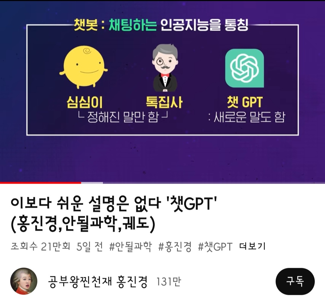 유튜브 피드에 뜬 '공부왕찐천재 홍진경' 채널의 챗GPT에 관한 짧막한 영상이 흥미로워서 가져왔다.
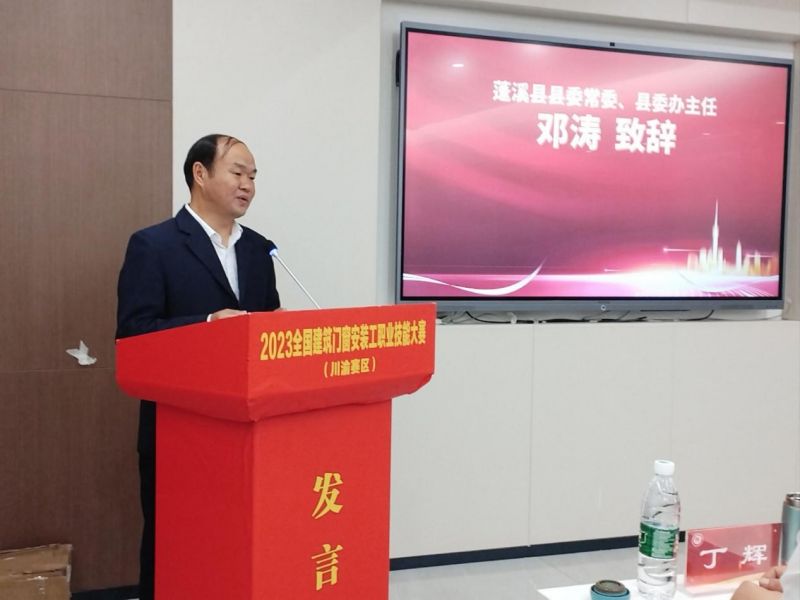 蓬溪縣縣委常委、縣委辦主任鄧濤同志,代表中共蓬溪縣委、縣政府,向百忙之中抽出時(shí)間蒞臨蓬溪的各位來賓表示熱烈的歡迎!向長期以來關(guān)心支持蓬溪發(fā)展的各界人士表示衷心的感謝!經(jīng)過多年不輟耕耘,蓬溪成功創(chuàng)建“中國門都”,擁有全國唯一縣級(jí)門業(yè)產(chǎn)業(yè)集群特色,是西南最大的門業(yè)和智能家居生產(chǎn)基地。此次大賽在蓬溪舉辦,希望大賽組織機(jī)構(gòu)和全體工作人員以一流的競賽組織、一流的服務(wù)保障,將本次技能大賽辦好辦精,讓大家賓至如歸、難以忘懷。同時(shí)也希望各位來賓多到蓬溪走走看看、傳經(jīng)送寶、投資興業(yè),蓬溪將竭力為大家服好務(wù),讓大家在蓬溪放心投資、安心創(chuàng)業(yè)、舒心生活!
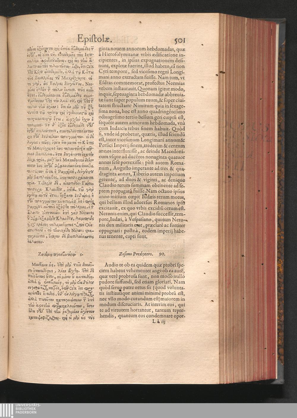 Epistolai tu hagiu Isidōru tu Pēlusiōtu / Quibus è regione accessit latina Clariss. viri Iacobi Billii Prunęi, S. Michaëlis in Eremo quondam Cœnobiarchæ, interpretatio
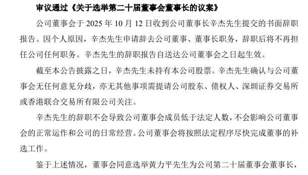 10月13日,万科企业在港交所公告,于10月12日收到公司董事长辛杰提交的书面辞职报告。辛杰因个人原因申请辞任公司非执行董事及董事长职务,辞任后将不再担任公司任何职务。第二十届董事会第二十四次会议选举黄力平担任董事长,任期自董事会审议通过之日起至本公司第二十届董事会任期届满之日止。
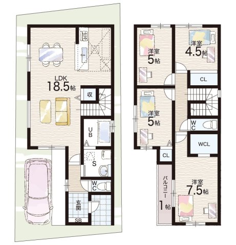 - ※完成予想図やCG合成画像は、門塀・植栽・庭・外観等、実際とは多少異なる場合があります。
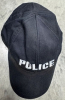 Artikelbeschreibung: Zum Verkauf steht eine gebrauchte schwarze Baseballkappe mit „POLICE“-Aufdruck in klassischem Design.
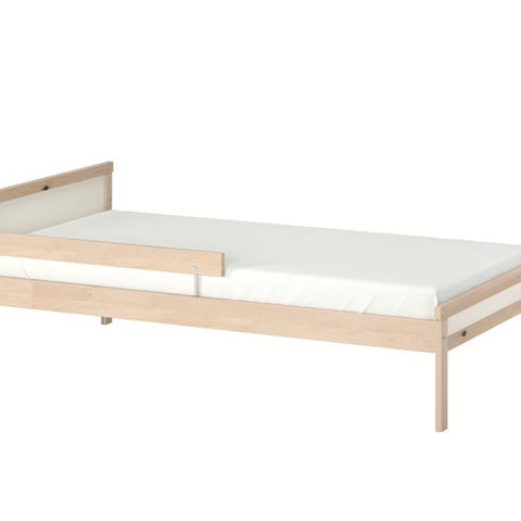 IKEA juniorseng i hvit utførelse. Sengen har sengehest på langsidene og er egnet for barn som har vokst ut av sprinkelseng. Rammen er i treverk med sprosser på sidene. Passer til standard madrass for juniorseng. Egner seg til barnerom som overgangsseng mellom sprinkelseng og vanlig enkeltseng.
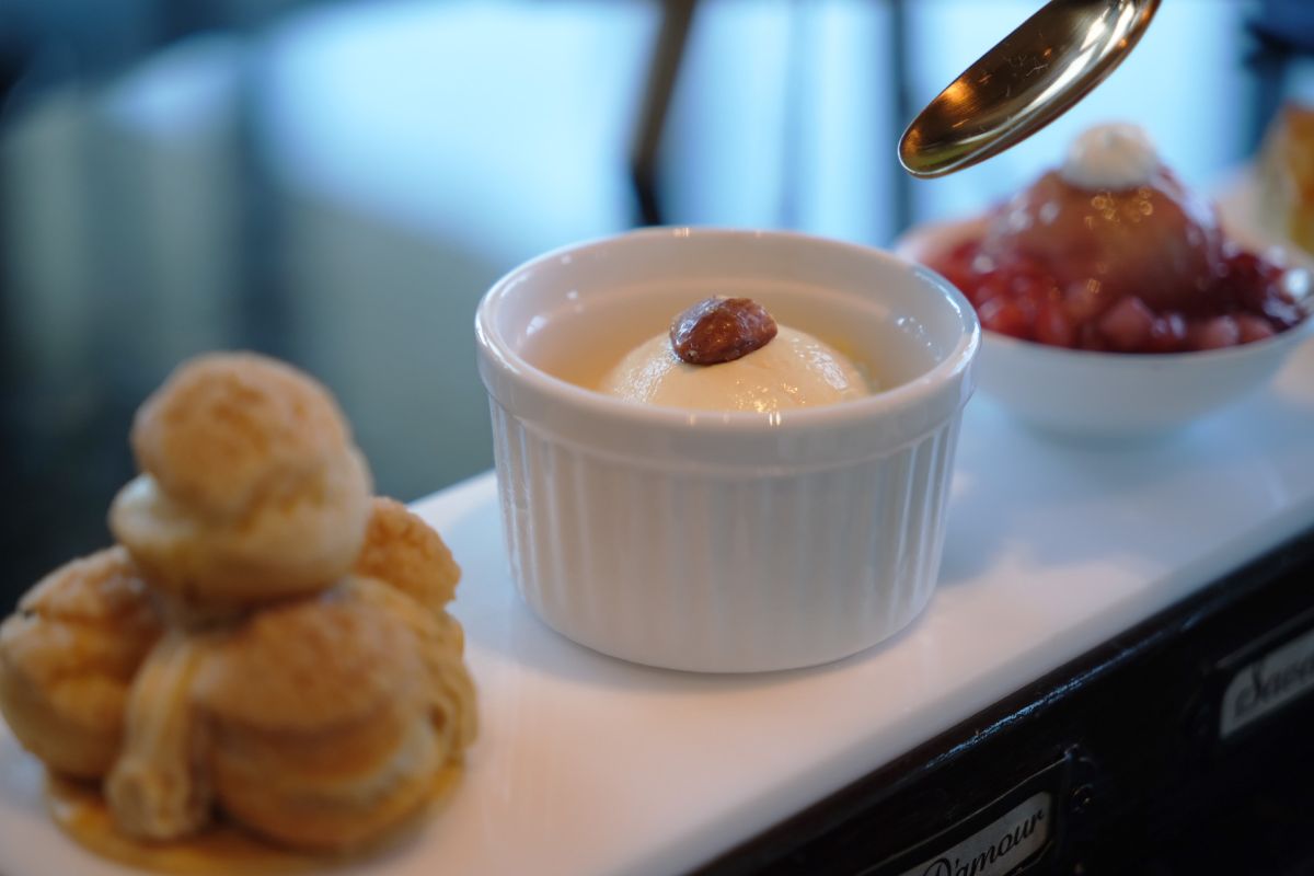ピュイダムールはパイの器の中にクリームをたっぷり絞り、表面をキャラメリゼしたお菓子ですが、メズム東京では、リンゴの芳醇な香りとさわやかな酸味が特徴の、ノルマンディー産のカルヴァドス(蒸留酒)を使用したアイスとして提供されています。
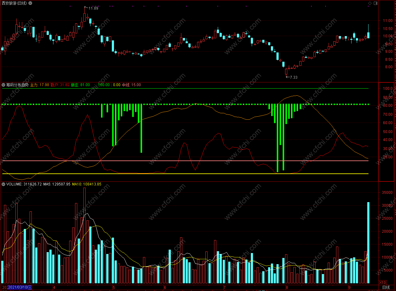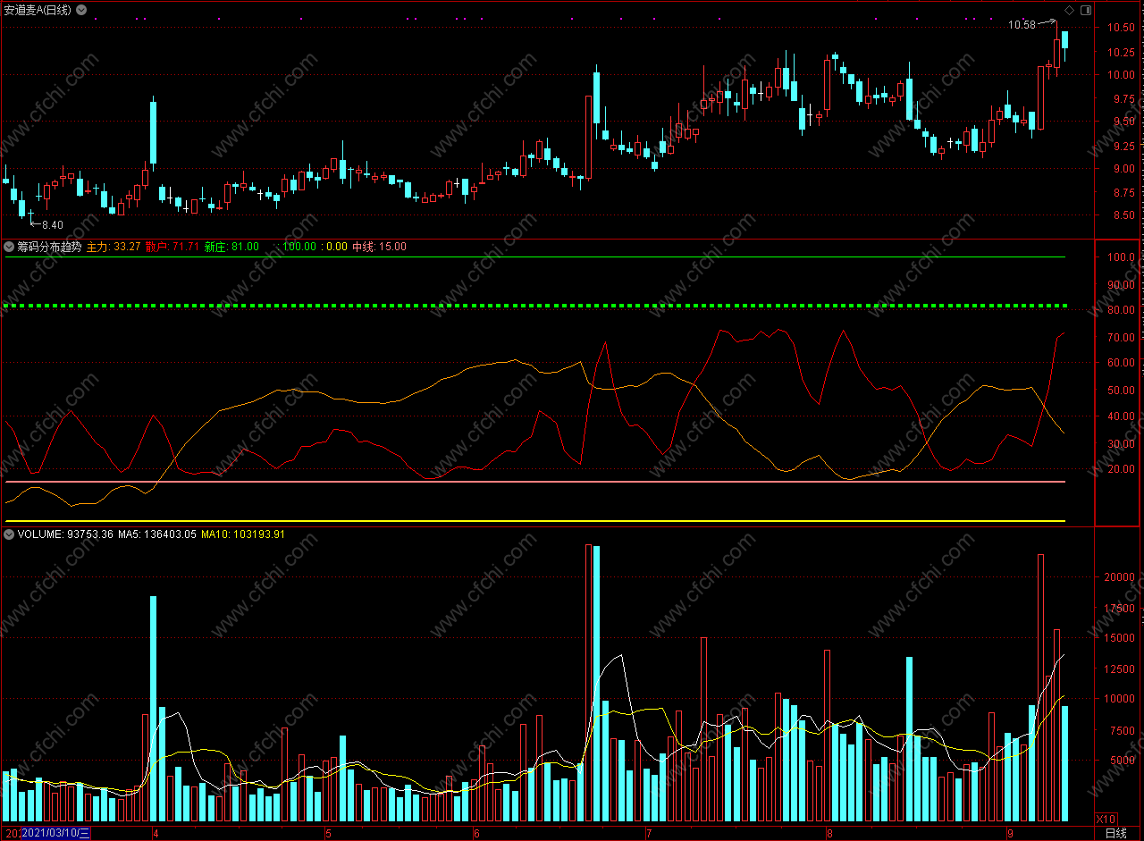 (【通达信免费源码】筹码分布趋势副图指标公式 源码 贴图)
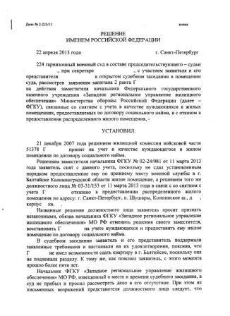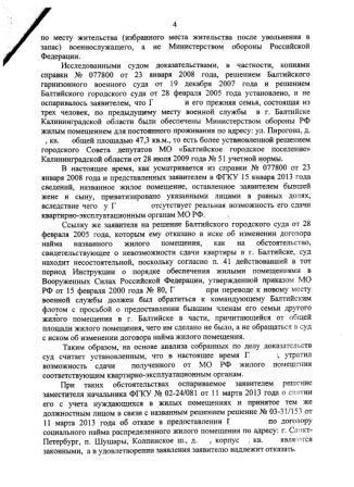 Надо смотреть сам отказ... А судя по обстоятельствам, имеете право на получение жилья за вычетом причитающейся части... ИМХО. Сам такой (почти). Будут цепляться за отсутствие справки о сдаче жилья. Суда, наверное, не избежатьСитуация такова: в 2000 г. мать жены (тёща) внесена в гр. 21 послужного списка личного дела как состоящая на иждивении. Проживала со мной. Подал рапорт на УЖУ и признан нуждающимся. В 2003 г. брак расторгнут. Квартира 2-х комнатная 47,1 кв.м. общей площади. Есть 2 решения суда о неделимости квартиры. Все меры к обмену и выделении доли жилья предпринял. Есть 2-ва разрешения заместителя командующего МВО по СиРВ о постановке на очередь одного и переводе лицевого счета на бывшую жену. Квартира приватизирована на бывшую жену и дочь. До сих пор там прописан. Распределили квартиру в Подмосковье. Дал согласие. В настоящее время, с учетом судебной практики, отказано в распределенном жилье так как не могу сдать ранее полученное в 1988 г. Не могу понять сняли меня с учета или только отказали в получении по ДСН распределенного жилья, т.к. имею право на получение жилья с учетом вычета доли в ранее полученном. В единый реестр войти не могу с 24.04.2013 г. Надпись что личный номер не найден, по логике сняли с учета, но на ГЛ сказали что в реестре состою. В ближайшее время поеду в 1 отд ЗРУЖО СС за отказом. Далее в суд. Но судя по судебной практике перспективы положительного решения нет. Кто, что думает?
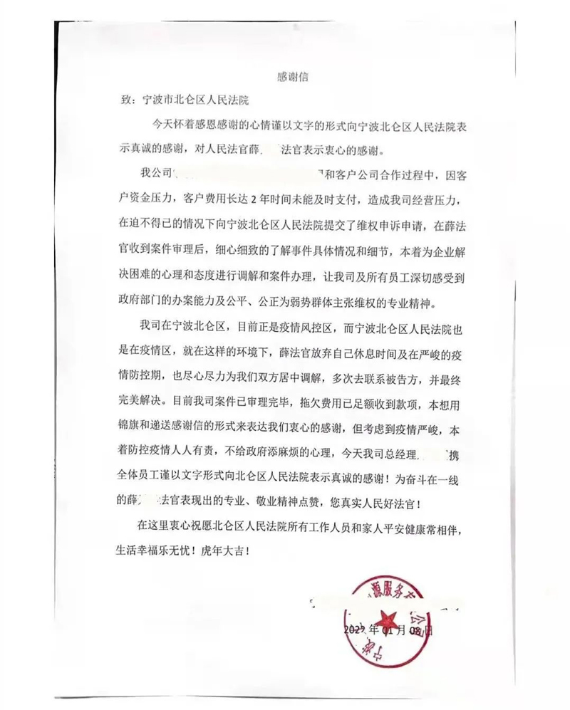 “今天懷著感恩感謝的心情謹以文字的形式向寧波北侖區人民法院表示真誠的感謝……”1月8日,北侖法院執行局收到了該企業的感謝信,感謝執行法官投身抗疫仍執行不停,幫助公司追回20余萬元解決了燃眉之急。
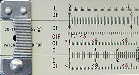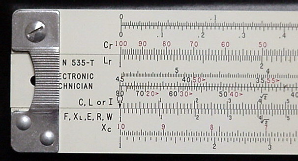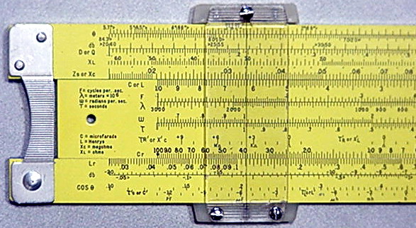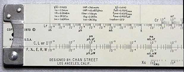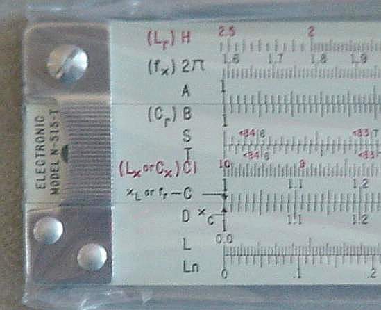 Almost gone! A great graduation gift for the new electrical engineer! 12" / 10" Electronic Duplex Slide Rule (15 Scales) Front - H, 2pi, A, [ B, S, T, CI, C ] D, L, Ln Back - Reactance/Resonance Decimal Point locator scales formulas and factors |
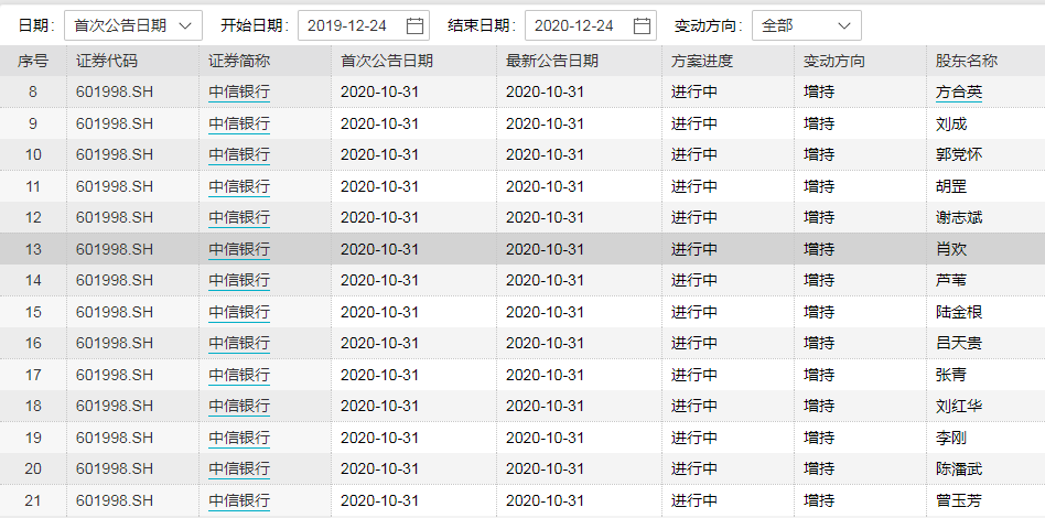 10月30日,中信银行披露了该行上市以来首次董监高大规模增持计划。

#### Work task:
Keep to the lines above from the line with "蓬溪縣縣委常委、縣委辦主任鄧" to the line with "(【通达信免费源码】筹码分布趋势副图指标公式 源码 贴图)", and set down exactly those, inclusive, with nothing else and every picture left out.

#### Result for this task:
 蓬溪縣縣委常委、縣委辦主任鄧濤同志,代表中共蓬溪縣委、縣政府,向百忙之中抽出時(shí)間蒞臨蓬溪的各位來賓表示熱烈的歡迎!向長期以來關(guān)心支持蓬溪發(fā)展的各界人士表示衷心的感謝!經(jīng)過多年不輟耕耘,蓬溪成功創(chuàng)建“中國門都”,擁有全國唯一縣級(jí)門業(yè)產(chǎn)業(yè)集群特色,是西南最大的門業(yè)和智能家居生產(chǎn)基地。此次大賽在蓬溪舉辦,希望大賽組織機(jī)構(gòu)和全體工作人員以一流的競賽組織、一流的服務(wù)保障,將本次技能大賽辦好辦精,讓大家賓至如歸、難以忘懷。同時(shí)也希望各位來賓多到蓬溪走走看看、傳經(jīng)送寶、投資興業(yè),蓬溪將竭力為大家服好務(wù),讓大家在蓬溪放心投資、安心創(chuàng)業(yè)、舒心生活!
 Epistolai tu hagiu Isidōru tu Pēlusiōtu / Quibus è regione accessit latina Clariss. viri Iacobi Billii Prunęi, S. Michaëlis in Eremo quondam Cœnobiarchæ, interpretatio
 10月13日,万科企业在港交所公告,于10月12日收到公司董事长辛杰提交的书面辞职报告。辛杰因个人原因申请辞任公司非执行董事及董事长职务,辞任后将不再担任公司任何职务。第二十届董事会第二十四次会议选举黄力平担任董事长,任期自董事会审议通过之日起至本公司第二十届董事会任期届满之日止。
 - ※完成予想図やCG合成画像は、門塀・植栽・庭・外観等、実際とは多少異なる場合があります。
 Artikelbeschreibung: Zum Verkauf steht eine gebrauchte schwarze Baseballkappe mit „POLICE“-Aufdruck in klassischem Design.
 IKEA juniorseng i hvit utførelse. Sengen har sengehest på langsidene og er egnet for barn som har vokst ut av sprinkelseng. Rammen er i treverk med sprosser på sidene. Passer til standard madrass for juniorseng. Egner seg til barnerom som overgangsseng mellom sprinkelseng og vanlig enkeltseng.
ピュイダムールはパイの器の中にクリームをたっぷり絞り、表面をキャラメリゼしたお菓子ですが、メズム東京では、リンゴの芳醇な香りとさわやかな酸味が特徴の、ノルマンディー産のカルヴァドス(蒸留酒)を使用したアイスとして提供されています。
 (【通达信免费源码】筹码分布趋势副图指标公式 源码 贴图)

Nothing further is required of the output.